-- Opening Marker --

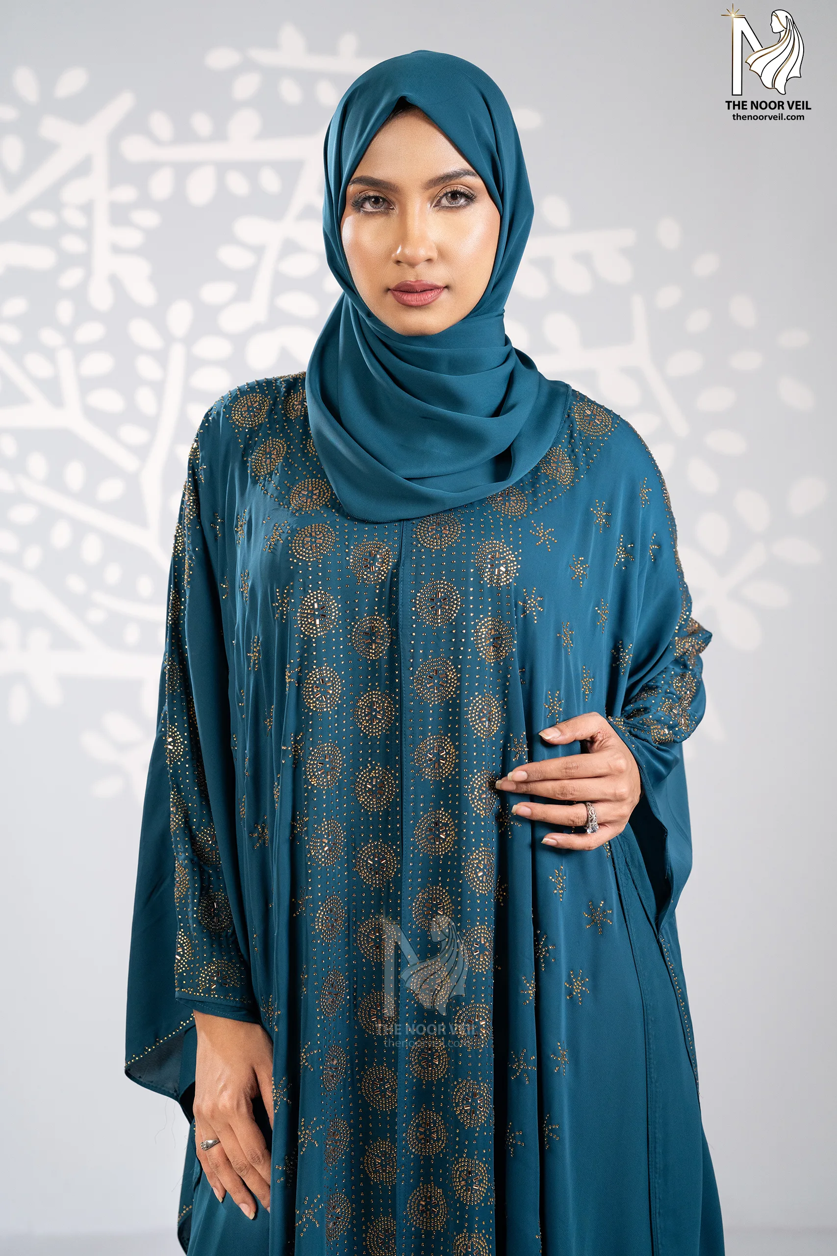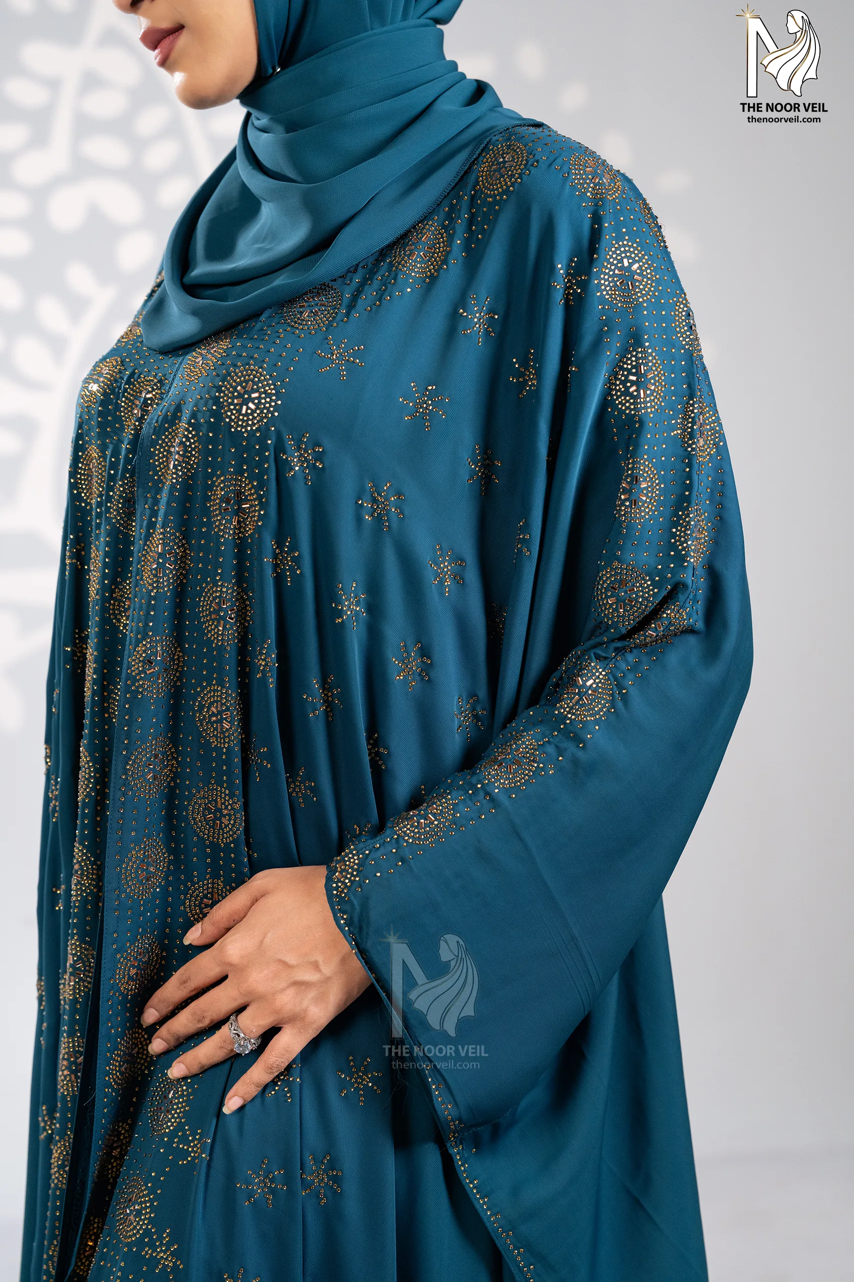 ১. সোনালী ম্যান্ডালার আভিজাত্য: আবায়াটির বডি এবং হাতায় রয়েছে নিখুঁতভাবে বসানো গোল্ডেন DMC স্টোনের ম্যান্ডালা এবং স্টার-বার্স্ট ডিজাইন। টরে রঙের ওপর এই উজ্জ্বল কারুকাজগুলো যেকোনো অনুষ্ঠানের জন্য আপনাকে করে তুলবে মার্জিত, শালীন ও আকর্ষণের কেন্দ্রবিন্দু।
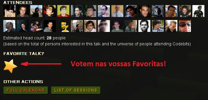 Pede-se a todos os participantes que marquem como favoritas as apresentações que mais vos interessarem, desta forma dando uma ideia mais precisa do tipo de afluência que cada talk terá, e assim facilitando a determinação do palco mais apropriado.
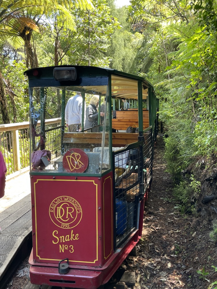 This was one of those classic New Zealand days where everything feels stitched together by nature itself. We kicked off the morning at the legendary Driving Creek Railway a narrow-gauge wonder that snakes through native forest like someone dropped a toy railway set into Middle-earth and it somehow came to life.
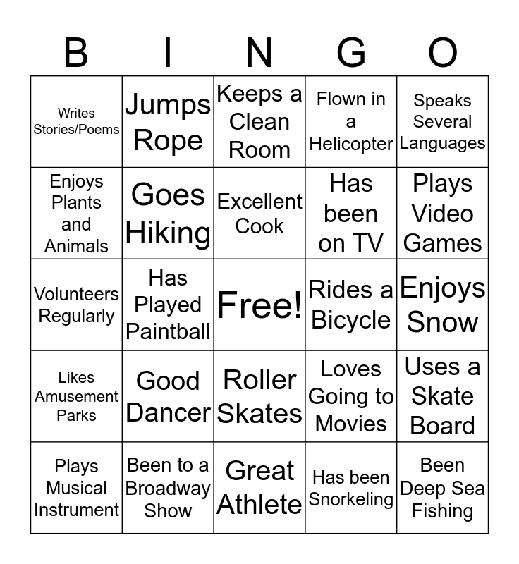 This bingo card has a free space and 25 words: Good Dancer, Great Athlete, Excellent Cook, Plays Musical Instrument, Speaks Several Languages, Writes Stories/Poems, Enjoys Plants and Animals, Jumps Rope, Rides a Bicycle, Roller Skates, Has been on TV, Volunteers Regularly, Loves Going to Movies, Uses a Skate Board, Goes Hiking, Likes Crossword Puzzles, Enjoys Snow, Keeps a Clean Room, Plays Video Games, Has Played Paintball, Been Deep Sea Fishing, Been to a Broadway Show, Likes Amusement Parks, Flown in a Helicopter and Has been Snorkeling.
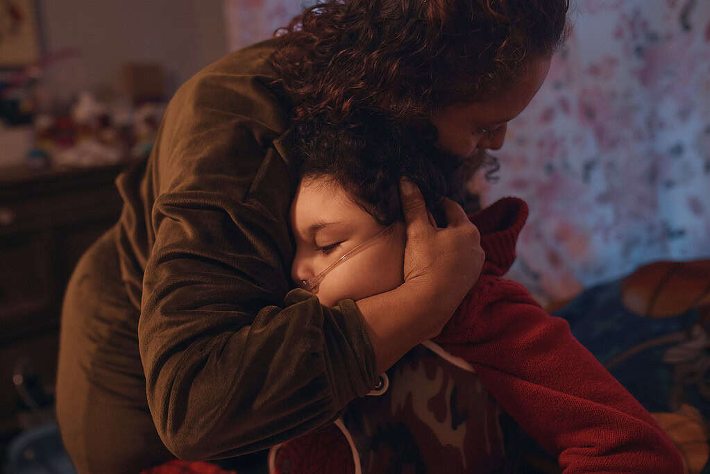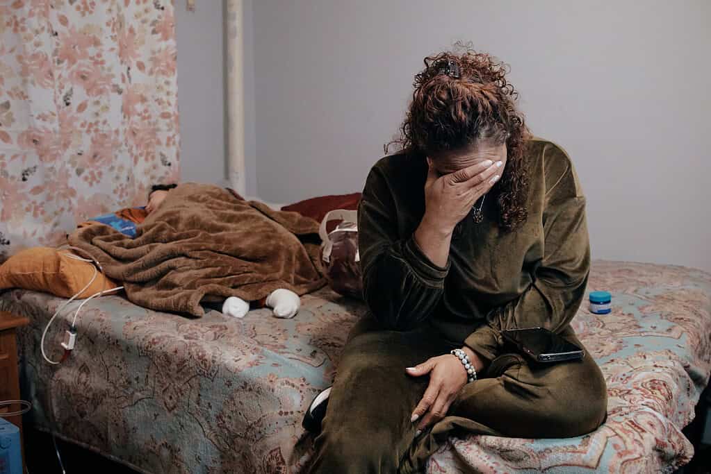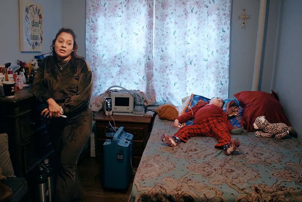 Her days are spent monitoring his oxygen levels and medical equipment, feeding him through a tube, giving him medications, and changing his diapers. She rests only when he sleeps.

-- Closing Marker --

Without carrying over any picture, retype the records above word for word.

 ১. সোনালী ম্যান্ডালার আভিজাত্য: আবায়াটির বডি এবং হাতায় রয়েছে নিখুঁতভাবে বসানো গোল্ডেন DMC স্টোনের ম্যান্ডালা এবং স্টার-বার্স্ট ডিজাইন। টরে রঙের ওপর এই উজ্জ্বল কারুকাজগুলো যেকোনো অনুষ্ঠানের জন্য আপনাকে করে তুলবে মার্জিত, শালীন ও আকর্ষণের কেন্দ্রবিন্দু।
 Pede-se a todos os participantes que marquem como favoritas as apresentações que mais vos interessarem, desta forma dando uma ideia mais precisa do tipo de afluência que cada talk terá, e assim facilitando a determinação do palco mais apropriado.
 This was one of those classic New Zealand days where everything feels stitched together by nature itself. We kicked off the morning at the legendary Driving Creek Railway a narrow-gauge wonder that snakes through native forest like someone dropped a toy railway set into Middle-earth and it somehow came to life.
 This bingo card has a free space and 25 words: Good Dancer, Great Athlete, Excellent Cook, Plays Musical Instrument, Speaks Several Languages, Writes Stories/Poems, Enjoys Plants and Animals, Jumps Rope, Rides a Bicycle, Roller Skates, Has been on TV, Volunteers Regularly, Loves Going to Movies, Uses a Skate Board, Goes Hiking, Likes Crossword Puzzles, Enjoys Snow, Keeps a Clean Room, Plays Video Games, Has Played Paintball, Been Deep Sea Fishing, Been to a Broadway Show, Likes Amusement Parks, Flown in a Helicopter and Has been Snorkeling.
 Her days are spent monitoring his oxygen levels and medical equipment, feeding him through a tube, giving him medications, and changing his diapers. She rests only when he sleeps.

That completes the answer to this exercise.